Segment Start: SUPPLIED INFORMATION
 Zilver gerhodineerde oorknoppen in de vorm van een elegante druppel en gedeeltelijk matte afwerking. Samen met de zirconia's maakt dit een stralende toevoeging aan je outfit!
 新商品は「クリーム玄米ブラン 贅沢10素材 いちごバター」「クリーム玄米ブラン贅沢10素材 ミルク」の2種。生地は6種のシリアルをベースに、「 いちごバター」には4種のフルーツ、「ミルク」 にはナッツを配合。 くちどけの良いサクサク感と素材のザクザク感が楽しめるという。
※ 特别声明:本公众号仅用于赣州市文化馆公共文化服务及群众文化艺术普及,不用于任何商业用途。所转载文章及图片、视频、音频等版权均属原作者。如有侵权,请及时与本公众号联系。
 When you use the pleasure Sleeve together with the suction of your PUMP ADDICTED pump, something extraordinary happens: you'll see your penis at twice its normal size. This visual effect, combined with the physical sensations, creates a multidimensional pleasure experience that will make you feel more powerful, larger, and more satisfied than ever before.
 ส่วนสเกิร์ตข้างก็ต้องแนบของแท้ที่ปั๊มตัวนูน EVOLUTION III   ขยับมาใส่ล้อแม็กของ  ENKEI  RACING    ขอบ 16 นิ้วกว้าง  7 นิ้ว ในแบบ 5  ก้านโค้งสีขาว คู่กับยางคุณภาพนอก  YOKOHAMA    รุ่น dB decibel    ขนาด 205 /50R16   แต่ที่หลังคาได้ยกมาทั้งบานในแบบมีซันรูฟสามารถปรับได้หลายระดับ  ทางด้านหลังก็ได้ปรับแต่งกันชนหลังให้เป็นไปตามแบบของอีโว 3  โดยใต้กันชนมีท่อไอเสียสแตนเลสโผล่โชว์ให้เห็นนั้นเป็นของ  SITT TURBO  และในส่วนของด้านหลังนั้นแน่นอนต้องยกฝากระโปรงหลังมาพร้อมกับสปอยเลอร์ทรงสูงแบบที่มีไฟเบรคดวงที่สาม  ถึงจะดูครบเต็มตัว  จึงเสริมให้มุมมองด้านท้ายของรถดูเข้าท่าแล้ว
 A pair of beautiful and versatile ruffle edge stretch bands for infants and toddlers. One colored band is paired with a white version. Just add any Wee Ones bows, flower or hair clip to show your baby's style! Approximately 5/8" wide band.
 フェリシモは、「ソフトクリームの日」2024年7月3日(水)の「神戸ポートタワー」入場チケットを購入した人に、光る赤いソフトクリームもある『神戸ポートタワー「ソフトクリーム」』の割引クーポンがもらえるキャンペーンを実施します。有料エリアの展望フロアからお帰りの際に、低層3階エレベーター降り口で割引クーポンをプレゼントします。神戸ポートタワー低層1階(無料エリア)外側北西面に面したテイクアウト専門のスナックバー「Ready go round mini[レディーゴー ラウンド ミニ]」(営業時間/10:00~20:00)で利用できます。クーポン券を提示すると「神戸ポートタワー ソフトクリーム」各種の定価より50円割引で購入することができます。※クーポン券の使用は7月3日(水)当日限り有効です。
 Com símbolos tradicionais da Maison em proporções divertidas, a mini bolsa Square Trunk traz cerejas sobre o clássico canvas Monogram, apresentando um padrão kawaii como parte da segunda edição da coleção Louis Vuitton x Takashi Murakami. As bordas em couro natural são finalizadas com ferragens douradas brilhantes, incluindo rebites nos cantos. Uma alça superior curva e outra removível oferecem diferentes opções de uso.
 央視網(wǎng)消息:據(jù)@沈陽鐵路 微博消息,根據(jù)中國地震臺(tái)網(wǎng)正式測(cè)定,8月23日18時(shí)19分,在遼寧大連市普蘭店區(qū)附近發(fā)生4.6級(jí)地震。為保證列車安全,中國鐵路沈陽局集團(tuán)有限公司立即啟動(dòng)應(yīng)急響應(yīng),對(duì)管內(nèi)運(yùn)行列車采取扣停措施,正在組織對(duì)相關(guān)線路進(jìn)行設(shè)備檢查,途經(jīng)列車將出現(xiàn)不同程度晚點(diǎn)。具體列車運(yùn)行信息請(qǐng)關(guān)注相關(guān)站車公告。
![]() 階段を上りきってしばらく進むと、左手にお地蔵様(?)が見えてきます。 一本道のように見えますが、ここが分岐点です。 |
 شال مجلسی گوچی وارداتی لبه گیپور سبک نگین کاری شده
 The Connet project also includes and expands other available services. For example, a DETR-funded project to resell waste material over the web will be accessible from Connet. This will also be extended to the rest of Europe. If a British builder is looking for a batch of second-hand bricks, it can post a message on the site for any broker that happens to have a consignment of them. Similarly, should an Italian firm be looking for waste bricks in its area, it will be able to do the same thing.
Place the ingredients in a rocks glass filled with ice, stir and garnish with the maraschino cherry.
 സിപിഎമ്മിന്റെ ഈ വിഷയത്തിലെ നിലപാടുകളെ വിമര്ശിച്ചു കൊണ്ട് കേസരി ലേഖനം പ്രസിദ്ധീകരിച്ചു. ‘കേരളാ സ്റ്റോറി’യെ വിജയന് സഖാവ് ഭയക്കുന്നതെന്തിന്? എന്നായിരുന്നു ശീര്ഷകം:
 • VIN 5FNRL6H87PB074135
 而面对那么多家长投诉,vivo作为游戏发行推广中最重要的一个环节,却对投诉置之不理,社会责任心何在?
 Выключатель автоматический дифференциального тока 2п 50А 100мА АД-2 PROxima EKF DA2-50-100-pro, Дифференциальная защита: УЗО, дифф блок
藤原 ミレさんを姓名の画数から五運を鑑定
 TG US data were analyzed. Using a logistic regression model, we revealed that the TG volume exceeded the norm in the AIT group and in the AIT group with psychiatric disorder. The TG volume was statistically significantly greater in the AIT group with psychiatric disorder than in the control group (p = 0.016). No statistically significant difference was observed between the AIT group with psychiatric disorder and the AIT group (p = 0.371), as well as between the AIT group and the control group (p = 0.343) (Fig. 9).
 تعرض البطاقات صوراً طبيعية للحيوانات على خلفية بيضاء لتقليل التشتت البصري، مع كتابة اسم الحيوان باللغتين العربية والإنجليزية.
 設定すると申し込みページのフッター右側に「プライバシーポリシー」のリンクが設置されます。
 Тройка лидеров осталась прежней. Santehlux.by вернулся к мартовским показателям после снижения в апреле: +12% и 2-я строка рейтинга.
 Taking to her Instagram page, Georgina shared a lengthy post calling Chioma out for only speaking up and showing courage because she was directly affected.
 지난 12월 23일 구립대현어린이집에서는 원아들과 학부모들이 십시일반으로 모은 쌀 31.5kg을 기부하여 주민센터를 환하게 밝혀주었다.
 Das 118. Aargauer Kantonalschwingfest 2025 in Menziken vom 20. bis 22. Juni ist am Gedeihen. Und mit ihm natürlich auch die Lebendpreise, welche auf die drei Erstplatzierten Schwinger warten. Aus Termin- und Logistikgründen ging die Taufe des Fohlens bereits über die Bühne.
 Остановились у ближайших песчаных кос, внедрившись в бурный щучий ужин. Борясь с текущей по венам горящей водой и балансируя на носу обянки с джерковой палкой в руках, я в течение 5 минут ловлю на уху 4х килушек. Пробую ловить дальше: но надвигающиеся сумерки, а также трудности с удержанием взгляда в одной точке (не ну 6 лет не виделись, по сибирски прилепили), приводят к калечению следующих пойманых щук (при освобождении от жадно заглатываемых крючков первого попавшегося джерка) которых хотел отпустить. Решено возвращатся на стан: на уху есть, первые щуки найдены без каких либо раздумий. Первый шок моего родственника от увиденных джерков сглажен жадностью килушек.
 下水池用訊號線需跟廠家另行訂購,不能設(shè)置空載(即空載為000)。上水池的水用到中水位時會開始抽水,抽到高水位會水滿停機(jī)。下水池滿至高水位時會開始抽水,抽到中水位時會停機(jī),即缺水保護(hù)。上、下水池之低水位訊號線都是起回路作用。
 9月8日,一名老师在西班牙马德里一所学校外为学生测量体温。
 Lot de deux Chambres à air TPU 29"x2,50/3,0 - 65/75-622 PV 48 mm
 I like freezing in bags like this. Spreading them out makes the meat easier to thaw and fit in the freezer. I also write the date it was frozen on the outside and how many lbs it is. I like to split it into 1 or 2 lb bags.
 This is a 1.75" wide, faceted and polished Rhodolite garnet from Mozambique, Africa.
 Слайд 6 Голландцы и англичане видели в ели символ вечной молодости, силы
Segment End: SUPPLIED INFORMATION
#### [WORK TASK]
The lines above from the one with "شال مجلسی گوچی" through the one with "而面对那么多家长投诉,viv" are to be duplicated exactly, ends included, with nothing added.

#### [OUTPUT BELOW]
 شال مجلسی گوچی وارداتی لبه گیپور سبک نگین کاری شده
 The Connet project also includes and expands other available services. For example, a DETR-funded project to resell waste material over the web will be accessible from Connet. This will also be extended to the rest of Europe. If a British builder is looking for a batch of second-hand bricks, it can post a message on the site for any broker that happens to have a consignment of them. Similarly, should an Italian firm be looking for waste bricks in its area, it will be able to do the same thing.
Place the ingredients in a rocks glass filled with ice, stir and garnish with the maraschino cherry.
 സിപിഎമ്മിന്റെ ഈ വിഷയത്തിലെ നിലപാടുകളെ വിമര്ശിച്ചു കൊണ്ട് കേസരി ലേഖനം പ്രസിദ്ധീകരിച്ചു. ‘കേരളാ സ്റ്റോറി’യെ വിജയന് സഖാവ് ഭയക്കുന്നതെന്തിന്? എന്നായിരുന്നു ശീര്ഷകം:
 • VIN 5FNRL6H87PB074135
 而面对那么多家长投诉,vivo作为游戏发行推广中最重要的一个环节,却对投诉置之不理,社会责任心何在?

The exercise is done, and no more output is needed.